*SUPPLIED DATA*
________________

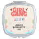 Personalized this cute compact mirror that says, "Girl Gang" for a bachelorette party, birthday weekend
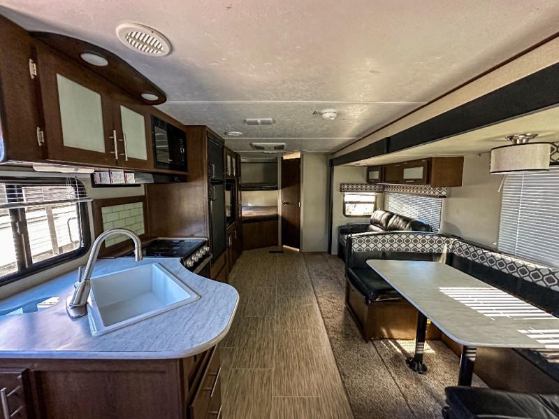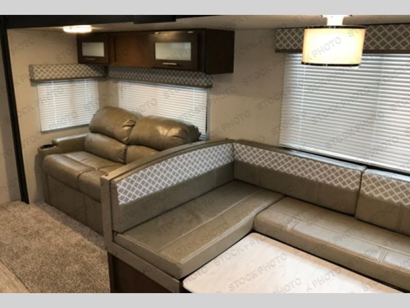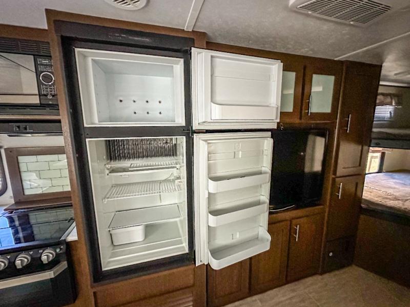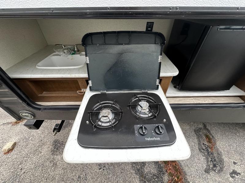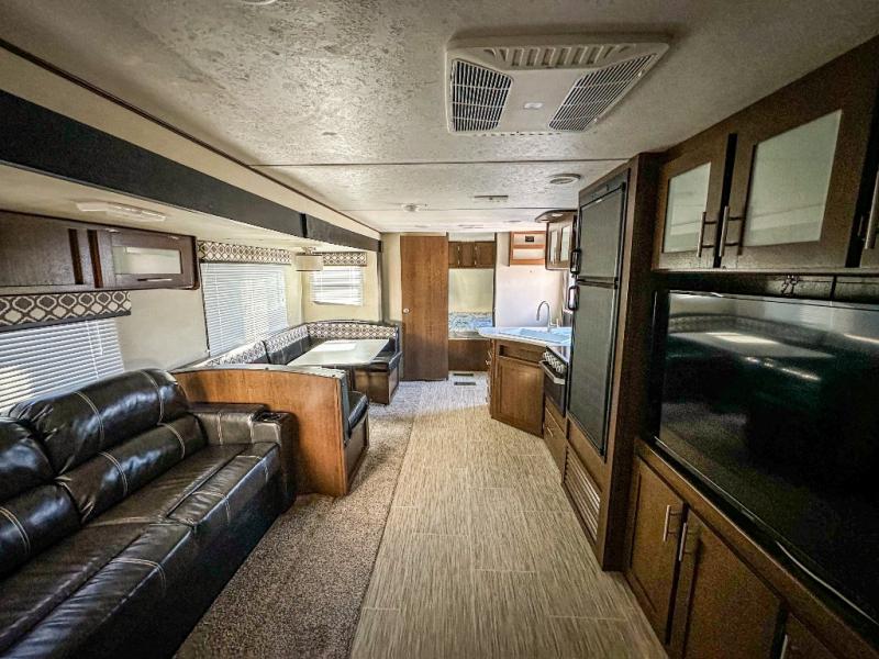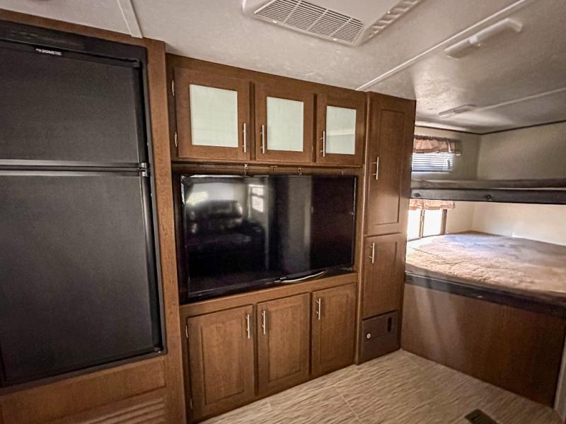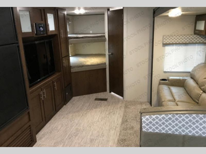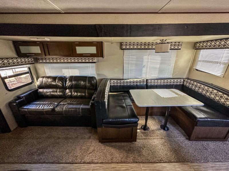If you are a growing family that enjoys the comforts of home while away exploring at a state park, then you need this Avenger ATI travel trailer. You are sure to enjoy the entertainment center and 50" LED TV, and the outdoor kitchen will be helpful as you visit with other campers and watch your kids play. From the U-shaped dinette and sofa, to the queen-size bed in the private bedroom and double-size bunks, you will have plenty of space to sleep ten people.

________________

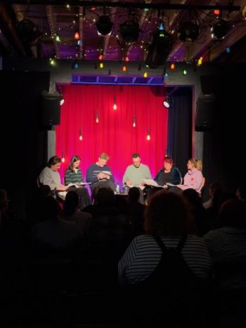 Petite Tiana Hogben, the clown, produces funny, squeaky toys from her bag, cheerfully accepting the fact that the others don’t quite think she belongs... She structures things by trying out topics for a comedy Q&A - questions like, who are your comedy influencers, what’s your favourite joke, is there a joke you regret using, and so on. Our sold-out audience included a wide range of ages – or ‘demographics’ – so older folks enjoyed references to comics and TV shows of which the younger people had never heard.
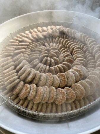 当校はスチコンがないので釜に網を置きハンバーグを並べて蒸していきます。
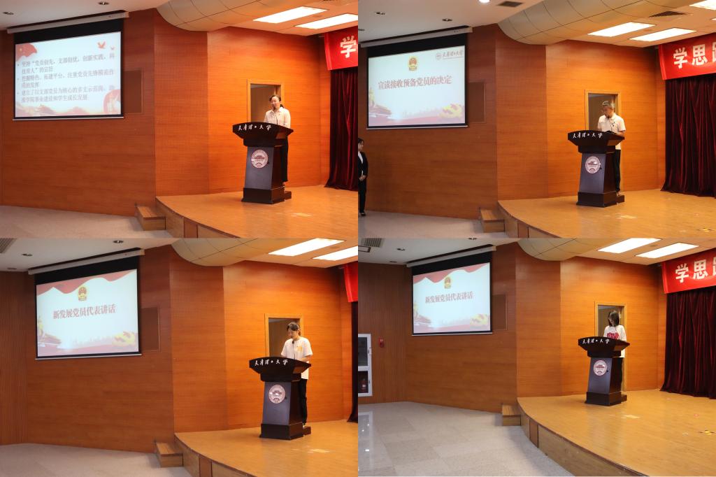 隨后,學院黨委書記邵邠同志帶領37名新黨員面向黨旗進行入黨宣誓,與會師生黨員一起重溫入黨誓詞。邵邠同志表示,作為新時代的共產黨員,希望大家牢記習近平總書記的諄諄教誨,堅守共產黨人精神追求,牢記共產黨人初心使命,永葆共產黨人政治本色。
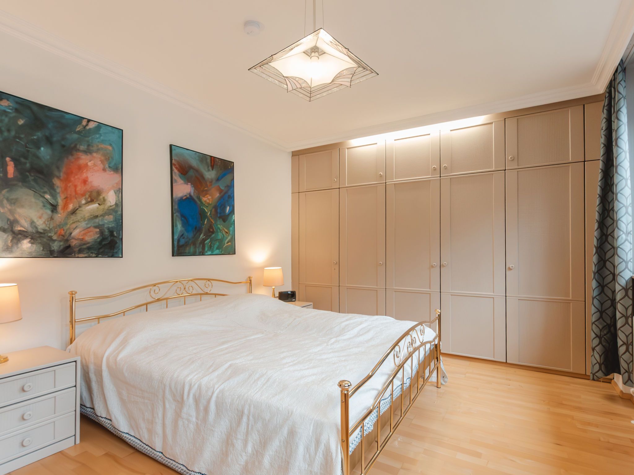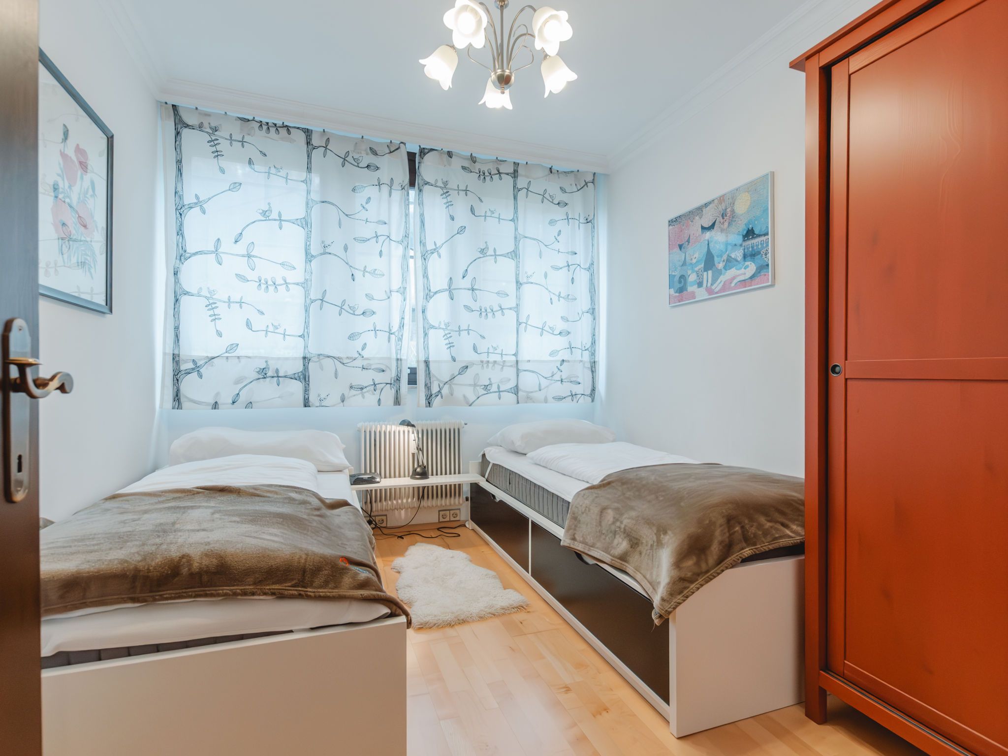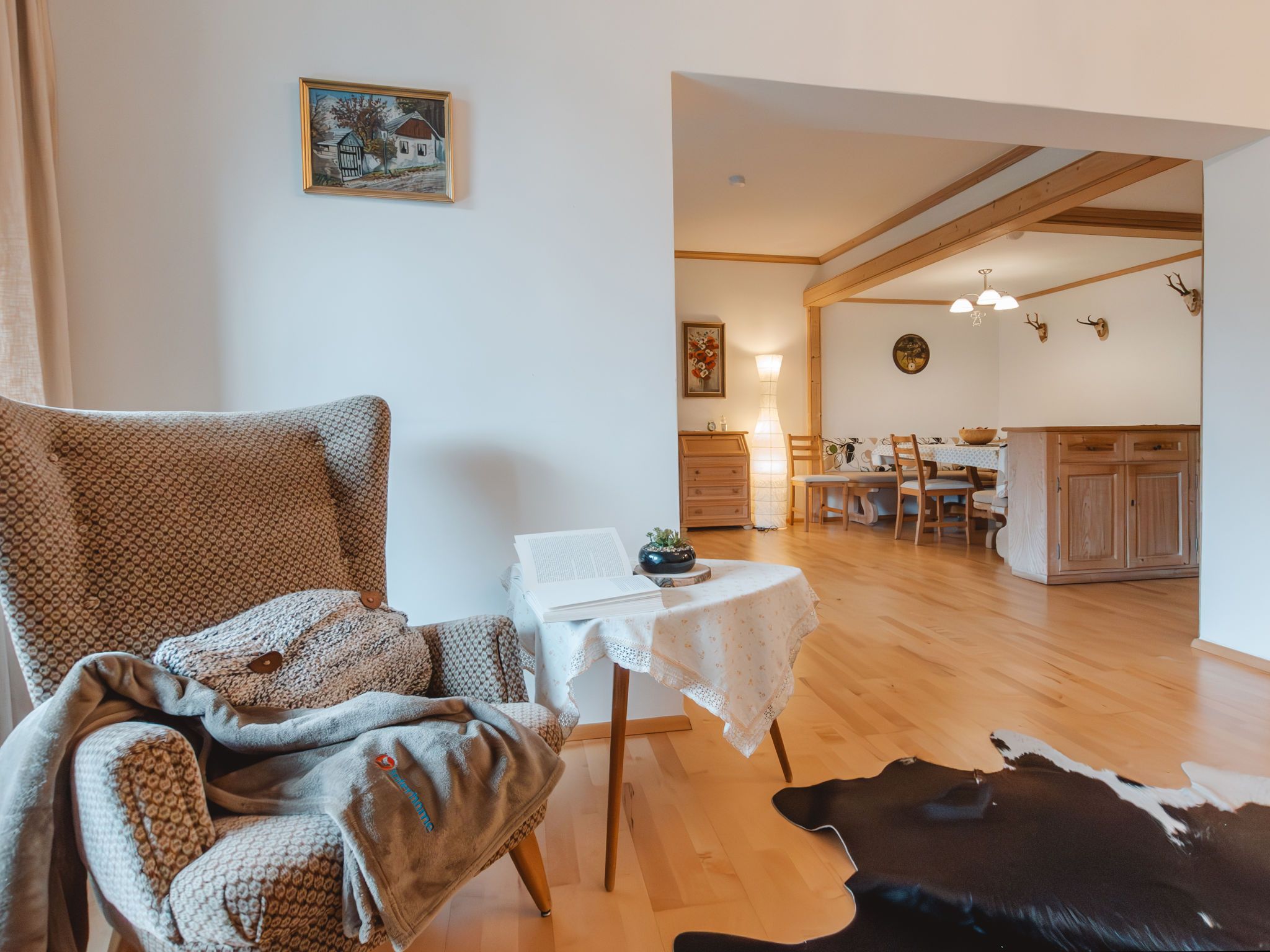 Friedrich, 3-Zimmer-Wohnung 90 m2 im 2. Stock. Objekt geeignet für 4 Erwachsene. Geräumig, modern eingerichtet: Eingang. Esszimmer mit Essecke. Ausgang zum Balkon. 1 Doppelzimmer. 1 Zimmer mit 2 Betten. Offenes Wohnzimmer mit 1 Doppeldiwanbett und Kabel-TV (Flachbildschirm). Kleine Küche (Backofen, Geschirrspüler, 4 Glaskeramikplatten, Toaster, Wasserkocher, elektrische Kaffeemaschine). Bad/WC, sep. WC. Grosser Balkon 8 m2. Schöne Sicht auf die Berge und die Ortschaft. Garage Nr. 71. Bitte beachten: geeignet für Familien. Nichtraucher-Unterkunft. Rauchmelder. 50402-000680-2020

________________

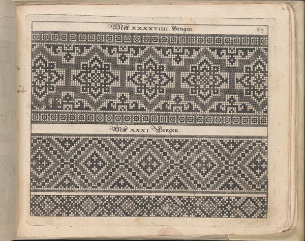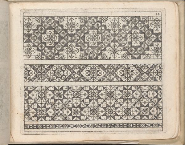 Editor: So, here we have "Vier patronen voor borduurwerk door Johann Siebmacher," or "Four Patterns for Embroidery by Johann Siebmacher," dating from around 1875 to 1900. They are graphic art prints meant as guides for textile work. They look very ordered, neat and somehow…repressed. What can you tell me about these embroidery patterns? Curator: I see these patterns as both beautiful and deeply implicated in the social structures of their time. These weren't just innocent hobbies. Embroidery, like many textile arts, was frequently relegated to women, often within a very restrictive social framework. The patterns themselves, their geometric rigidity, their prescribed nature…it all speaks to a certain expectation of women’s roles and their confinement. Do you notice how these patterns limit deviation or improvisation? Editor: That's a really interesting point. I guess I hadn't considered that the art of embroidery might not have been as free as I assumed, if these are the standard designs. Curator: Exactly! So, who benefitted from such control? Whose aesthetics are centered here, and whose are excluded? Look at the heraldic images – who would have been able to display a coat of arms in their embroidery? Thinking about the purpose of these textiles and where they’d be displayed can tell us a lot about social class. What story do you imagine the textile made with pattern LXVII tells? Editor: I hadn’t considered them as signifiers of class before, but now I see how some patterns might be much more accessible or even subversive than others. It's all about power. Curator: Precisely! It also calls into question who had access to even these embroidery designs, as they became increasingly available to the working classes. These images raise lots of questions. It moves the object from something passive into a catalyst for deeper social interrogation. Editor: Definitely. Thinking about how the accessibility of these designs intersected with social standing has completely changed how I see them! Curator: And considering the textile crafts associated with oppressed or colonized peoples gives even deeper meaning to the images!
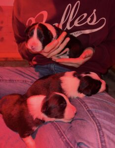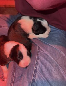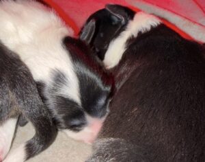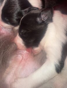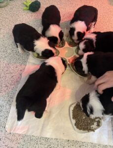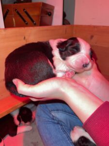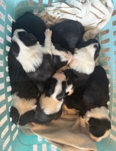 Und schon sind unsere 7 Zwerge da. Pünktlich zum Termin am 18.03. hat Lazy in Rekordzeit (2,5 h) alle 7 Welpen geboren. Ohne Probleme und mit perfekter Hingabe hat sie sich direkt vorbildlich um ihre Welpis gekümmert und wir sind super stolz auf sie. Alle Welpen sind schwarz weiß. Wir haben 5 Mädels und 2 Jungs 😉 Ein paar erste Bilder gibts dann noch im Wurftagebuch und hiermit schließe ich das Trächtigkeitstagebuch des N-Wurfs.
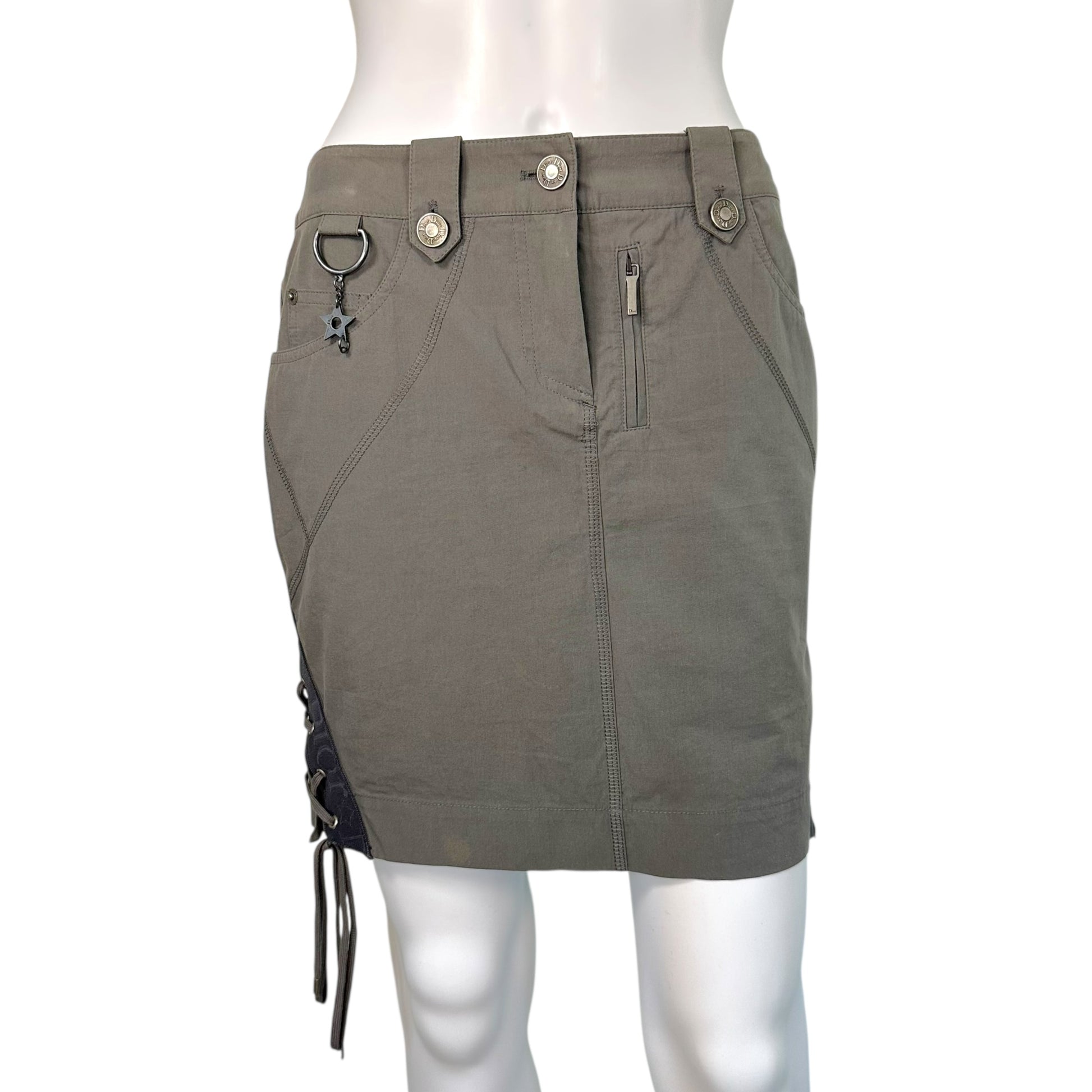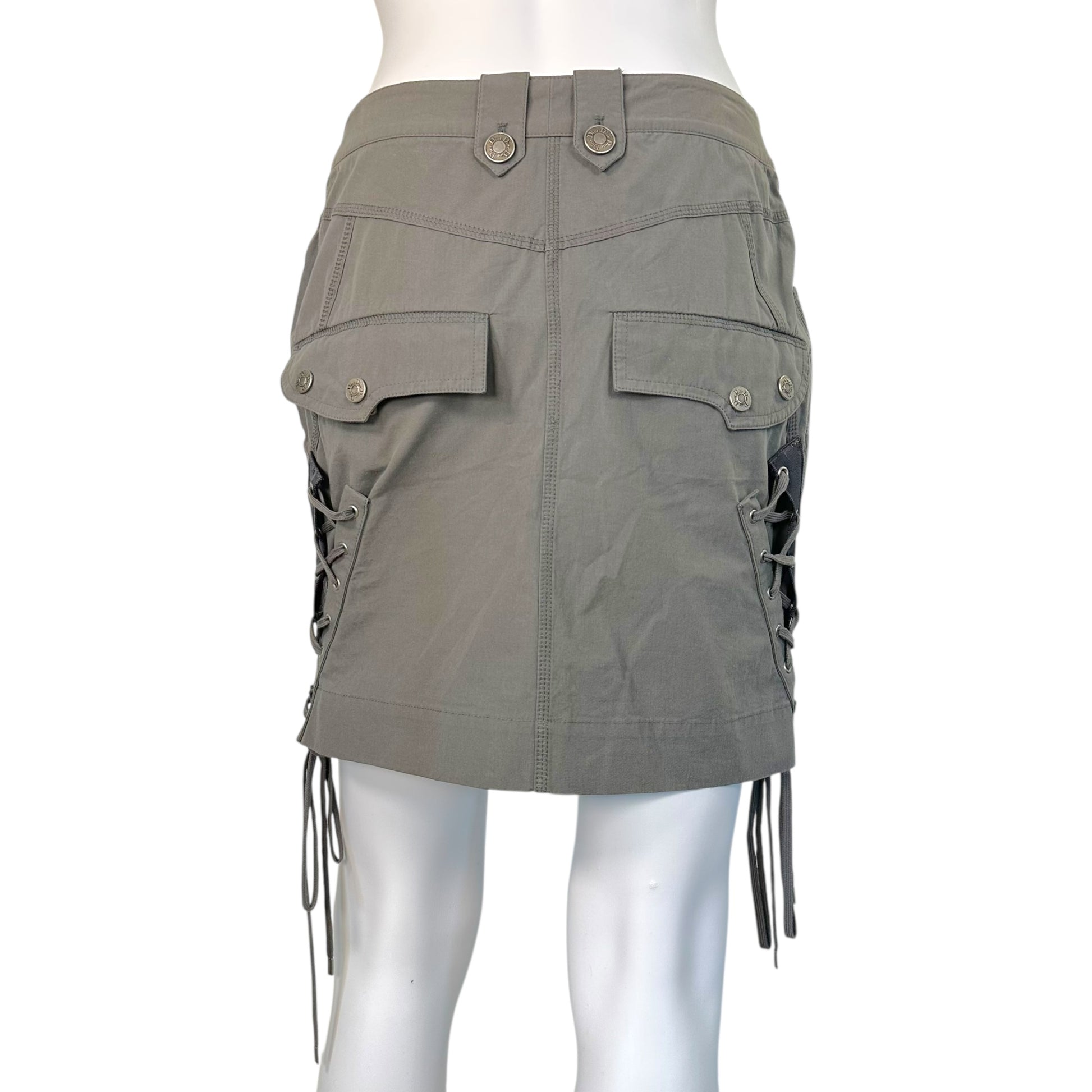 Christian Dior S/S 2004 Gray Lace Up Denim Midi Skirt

________________

*WHAT IS EXPECTED*
Leaving every picture aside, reproduce exactly the lines above from the one with "Und schon sind" up to and including the one with "Christian Dior S/S", and no others.

*RESPONSE BOX*
 Und schon sind unsere 7 Zwerge da. Pünktlich zum Termin am 18.03. hat Lazy in Rekordzeit (2,5 h) alle 7 Welpen geboren. Ohne Probleme und mit perfekter Hingabe hat sie sich direkt vorbildlich um ihre Welpis gekümmert und wir sind super stolz auf sie. Alle Welpen sind schwarz weiß. Wir haben 5 Mädels und 2 Jungs 😉 Ein paar erste Bilder gibts dann noch im Wurftagebuch und hiermit schließe ich das Trächtigkeitstagebuch des N-Wurfs.
 Christian Dior S/S 2004 Gray Lace Up Denim Midi Skirt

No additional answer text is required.